# Exercise instructions:
Retype, please, the listing from its opening line through the line that contains "Continuous line scribble", both included, without the pictures.

# Given information:
━━━━
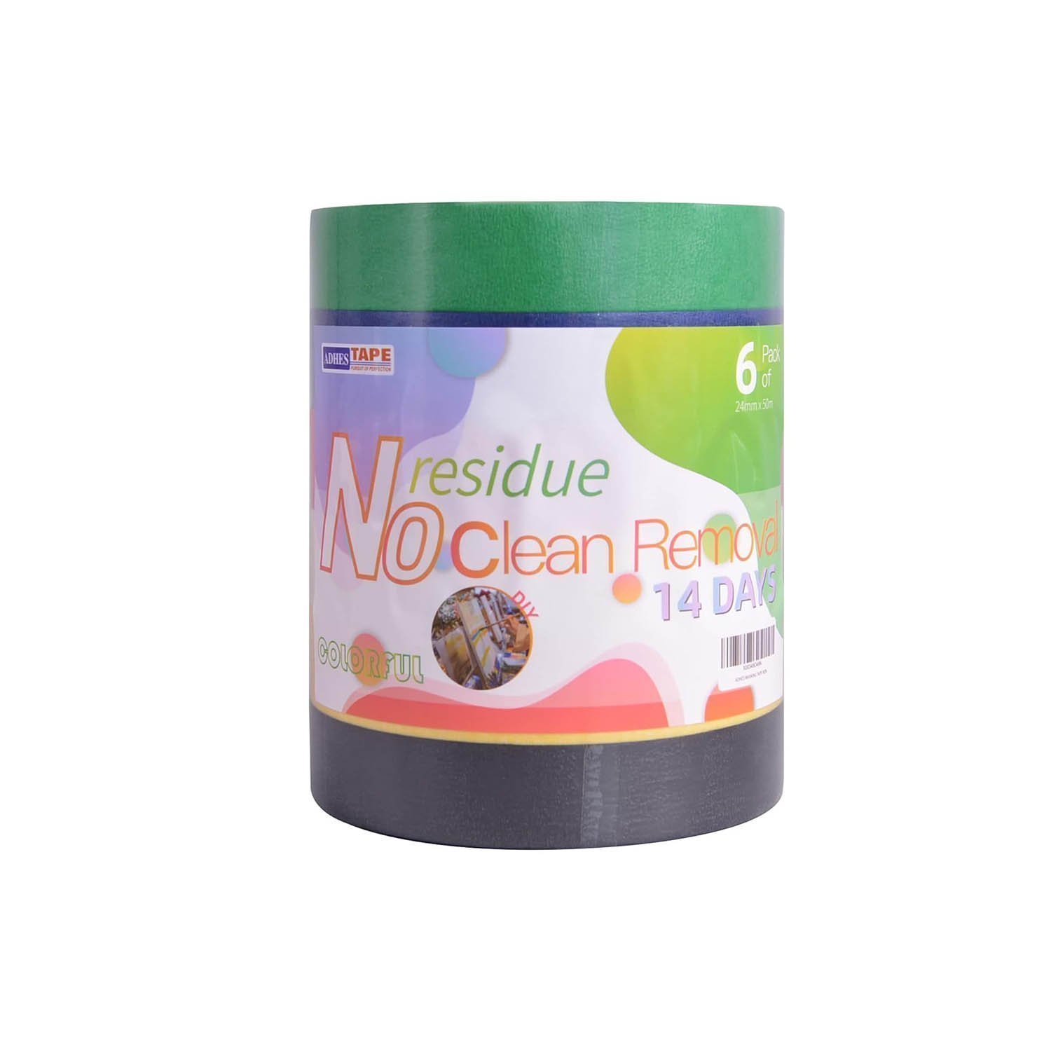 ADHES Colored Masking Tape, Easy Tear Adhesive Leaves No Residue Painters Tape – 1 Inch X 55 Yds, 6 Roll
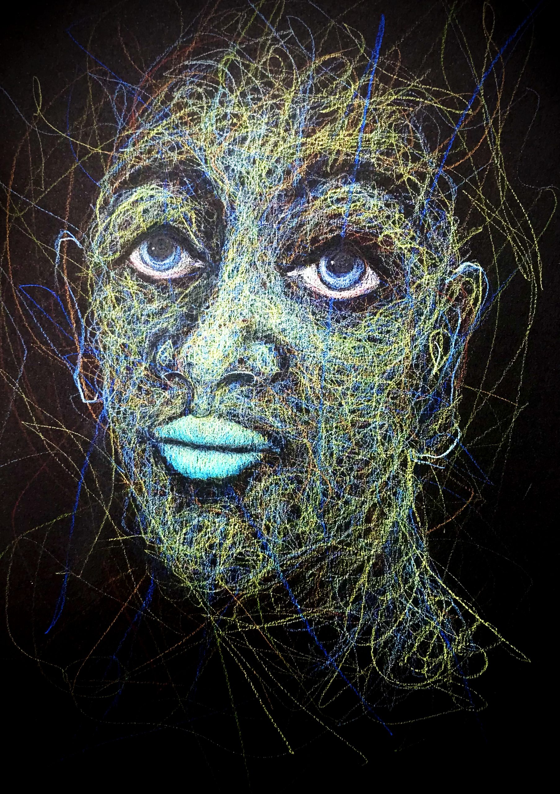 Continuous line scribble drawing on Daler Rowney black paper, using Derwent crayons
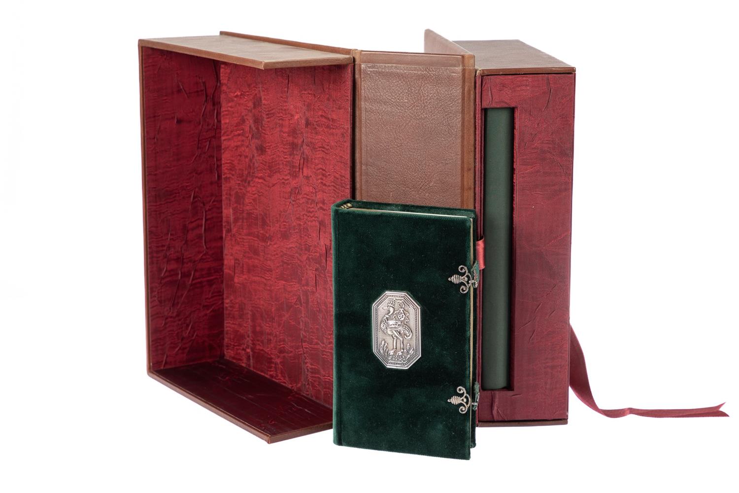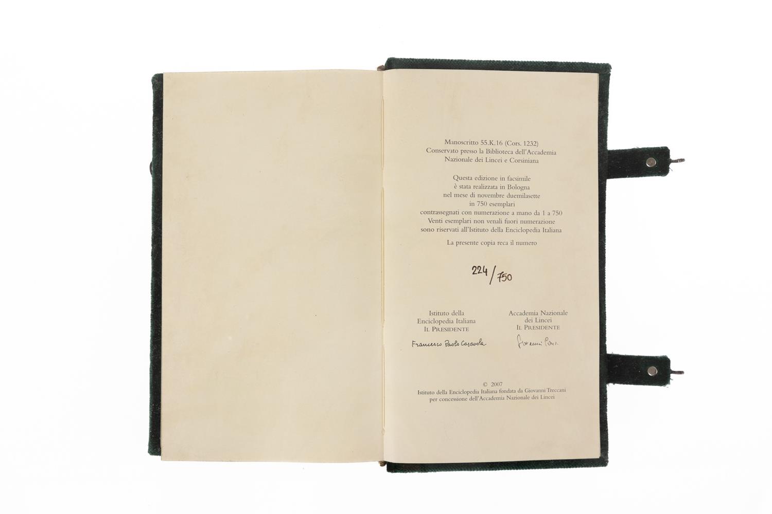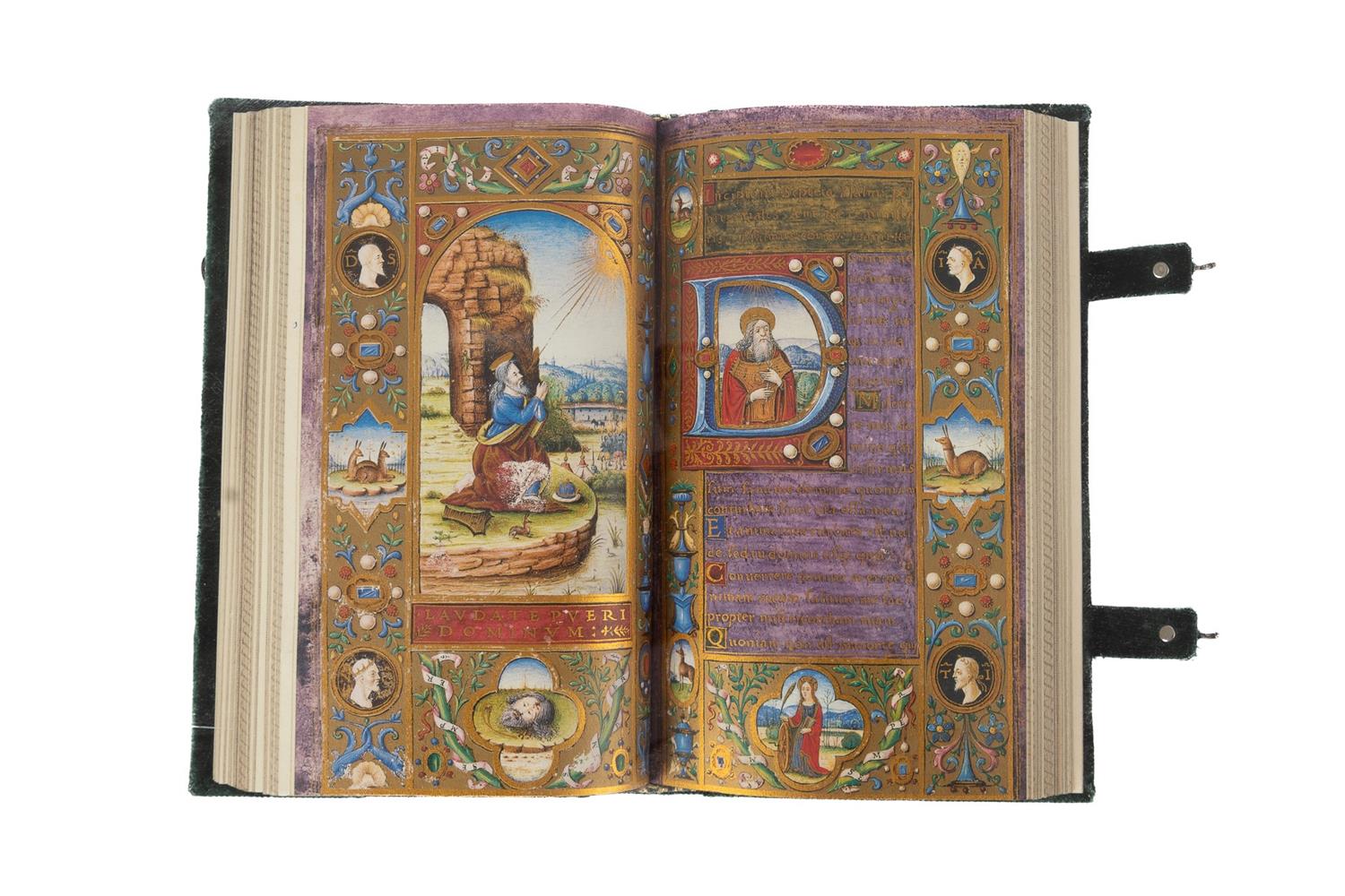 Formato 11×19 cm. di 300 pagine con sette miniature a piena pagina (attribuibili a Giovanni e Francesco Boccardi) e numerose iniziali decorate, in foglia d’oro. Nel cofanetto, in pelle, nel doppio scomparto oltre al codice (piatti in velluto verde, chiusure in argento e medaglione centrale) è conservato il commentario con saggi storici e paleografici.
━━━━
# Output:
 ADHES Colored Masking Tape, Easy Tear Adhesive Leaves No Residue Painters Tape – 1 Inch X 55 Yds, 6 Roll
 Continuous line scribble drawing on Daler Rowney black paper, using Derwent crayons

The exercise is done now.